▶ Supplied information
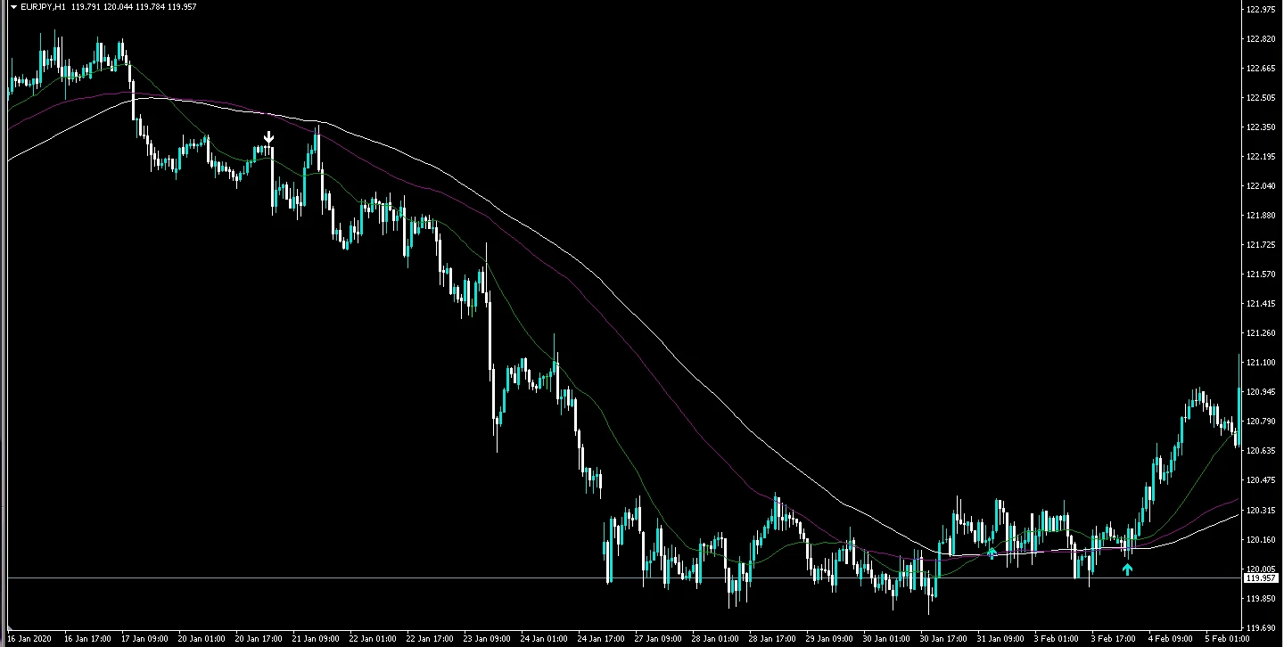 「Saikix-MA-Signal.ex4」単体ではシグナルが表示されるだけで、移動平均線を表示したい場合はご自身で別途追加していただく必要があります。
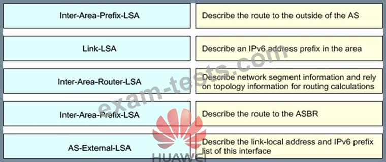 . OSPFv2 is an IGP running on an IIPv4 network. OSPFV3 is an IGP running on an IPv6 network. Compared with OSPFv2, OSFv3 has similar LSA, but the function is slightly different. The following is the description of the LSA function of OSPFv3. Please drag the LSA to the correct LSA function column.
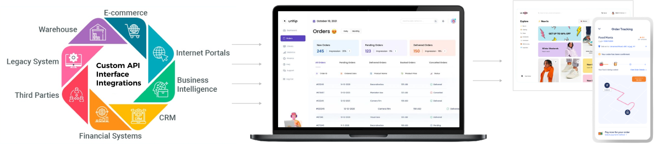 We provide end-to-end web API and mobile API development services using advanced technologies like ASP.NET, Java, etc., enabling communication between multiple systems, databases, and third-party services.

▶ What you have to do
All of the data above needs to be retyped exactly, with the pictures removed.

▶ Response to the exercise
 「Saikix-MA-Signal.ex4」単体ではシグナルが表示されるだけで、移動平均線を表示したい場合はご自身で別途追加していただく必要があります。
 . OSPFv2 is an IGP running on an IIPv4 network. OSPFV3 is an IGP running on an IPv6 network. Compared with OSPFv2, OSFv3 has similar LSA, but the function is slightly different. The following is the description of the LSA function of OSPFv3. Please drag the LSA to the correct LSA function column.
 We provide end-to-end web API and mobile API development services using advanced technologies like ASP.NET, Java, etc., enabling communication between multiple systems, databases, and third-party services.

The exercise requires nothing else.